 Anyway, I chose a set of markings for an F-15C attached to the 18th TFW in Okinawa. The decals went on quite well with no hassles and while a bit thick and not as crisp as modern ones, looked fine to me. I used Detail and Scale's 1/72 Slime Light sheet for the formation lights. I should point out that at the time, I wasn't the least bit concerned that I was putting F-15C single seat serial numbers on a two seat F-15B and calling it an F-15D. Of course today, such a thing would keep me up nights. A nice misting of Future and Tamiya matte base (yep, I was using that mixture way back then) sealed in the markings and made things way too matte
= = =
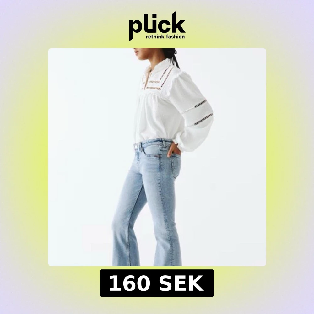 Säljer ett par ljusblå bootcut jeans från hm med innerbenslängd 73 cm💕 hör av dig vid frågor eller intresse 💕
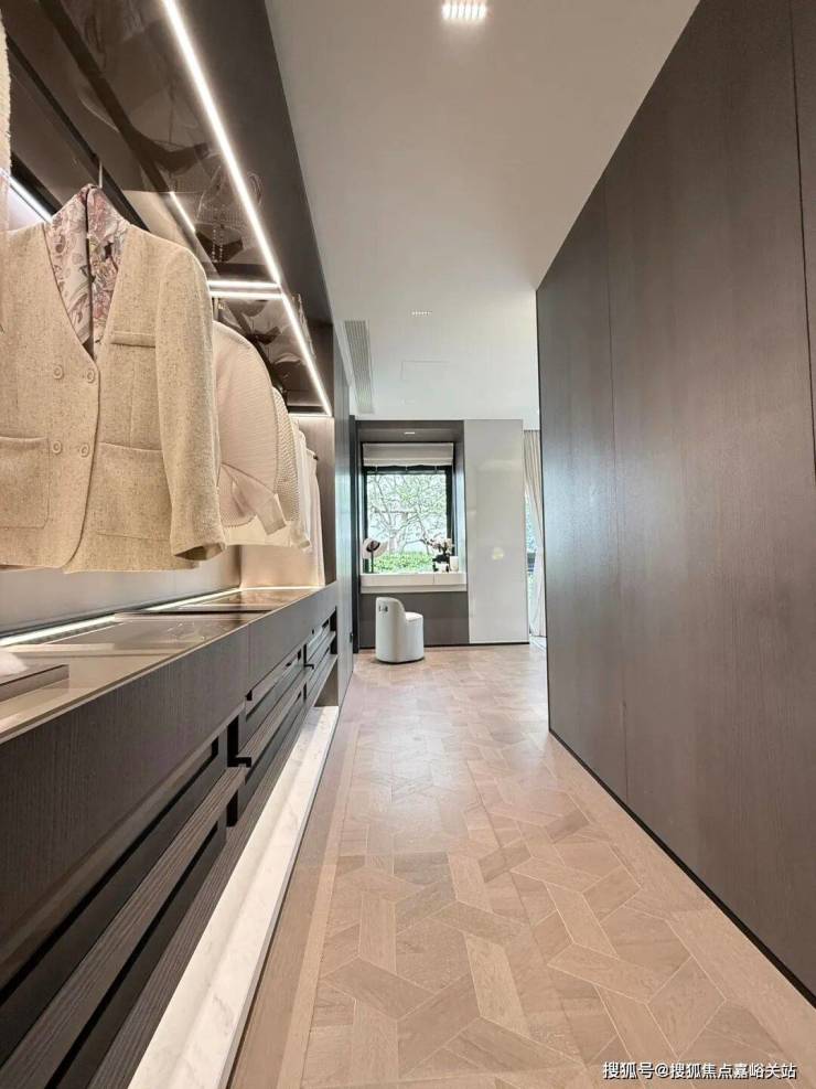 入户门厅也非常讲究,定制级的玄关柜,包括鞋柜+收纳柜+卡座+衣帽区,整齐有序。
= = =
# [Task to carry out]
Every line from the one with "Säljer ett par" through the one with "入户门厅也非常讲究,定制级的玄关柜,包括鞋柜+收纳柜+卡座+衣帽区,整齐有序。" is to be reproduced exactly as written above, and the pictures are to be dropped.

# [Response]
 Säljer ett par ljusblå bootcut jeans från hm med innerbenslängd 73 cm💕 hör av dig vid frågor eller intresse 💕
 入户门厅也非常讲究,定制级的玄关柜,包括鞋柜+收纳柜+卡座+衣帽区,整齐有序。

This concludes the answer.